I see good, kind, well-meaning folks unknowingly wasting our precious drinking water on turf grass lawns and on water hungry landscape plants and on pretty but water wasting fountains and decorative features.
I see commercial recreational users wasting precious drinking water on huge, beautifully groomed golf course turf grass.
I see Cities, Counties and States wasting water on beautiful parks and green belts and lakes and ponds in public use areas.
I see horrid, unmitigated greed wasting water on commercial hay farms that produce dairy feed for consumption in dairy operations halfway around the world.
Many people will respond to my statements with comments such as, “So what, we need the beauty.” Others will say, “You are a crank, we aren’t wasting water, there’s always more.” Some continue to preach that, “There is lots of water down there,” and even our laws, sadly enough, don’t restrict water use if it is for a “beneficial purpose.” Who truly defines and determines “beneficial”? Developers are supposed to prove a 100-year supply of water available to a newly developing area of homes and businesses. The so-called proofs of those wished-for water supplies are ambiguous at best and borderline criminal at worst. Surveys, tests, studies and samplings do little more than provide a tiny glimpse of the true amount of water in any given aquifer. There are many well-meaning, highly skilled hydrologists and geologists and water witches and dowsers who assure us that we have adequate water for a century or more to satisfy our collective thirst. Unfortunately, the only real, meaningful measurements available regarding that incalculable treasure beneath our feet are the measurements of draw down or the ongoing, measurable shrinkage of the water levels under us.
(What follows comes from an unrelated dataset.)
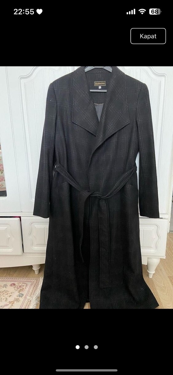 Kadınlar için uzun, kuşaklı, yakası kesik klasik kesimde siyah kaban. İpeksi dokusu ve uzun kollarıyla

A very sad reality in this matter is that the vast majority of the water available to us is fossil water, that is water that has fallen on our beautiful state over millions of years and very, very slowly percolated downward into the various aquifers we rely on. I have found no one yet who can say definitively just how long is required for rainfall to percolate all the way down to the aquifers’ upper surface. Unfortunately, we are not blessed with a vast network of creeks and streams and rivers to supply us with life giving sustenance like those water-fortunate states to our east. Our beautiful state has an extremely limited number of surface water sources and those are, each and every one, grossly over allocated. Ask any water scientist how much rain falls on Arizona in any given period and how much water we expect and demand from our aquifers. The answer is a net negative. We depend not only on our overburdened shrinking underground water sources, but we spend huge amounts of money and energy on distributing water from the Colorado River to users across our state. So, here we all are, happily, selfishly using and wasting precious water from underground and from and importing it at great cost.
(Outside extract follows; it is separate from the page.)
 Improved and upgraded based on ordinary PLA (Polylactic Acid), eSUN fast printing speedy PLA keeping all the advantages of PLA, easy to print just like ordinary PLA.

There are a few valiant folks, representing us in our state legislature, who are fighting tooth and nail to address the water issues that affect all of us. Those folks need and deserve your support. I ask that you call and write your representative and your senator and voice your support for the measures they are fighting for to save that one irreplaceable resource without which we cannot live. Life giving and sustaining nectar of life, water.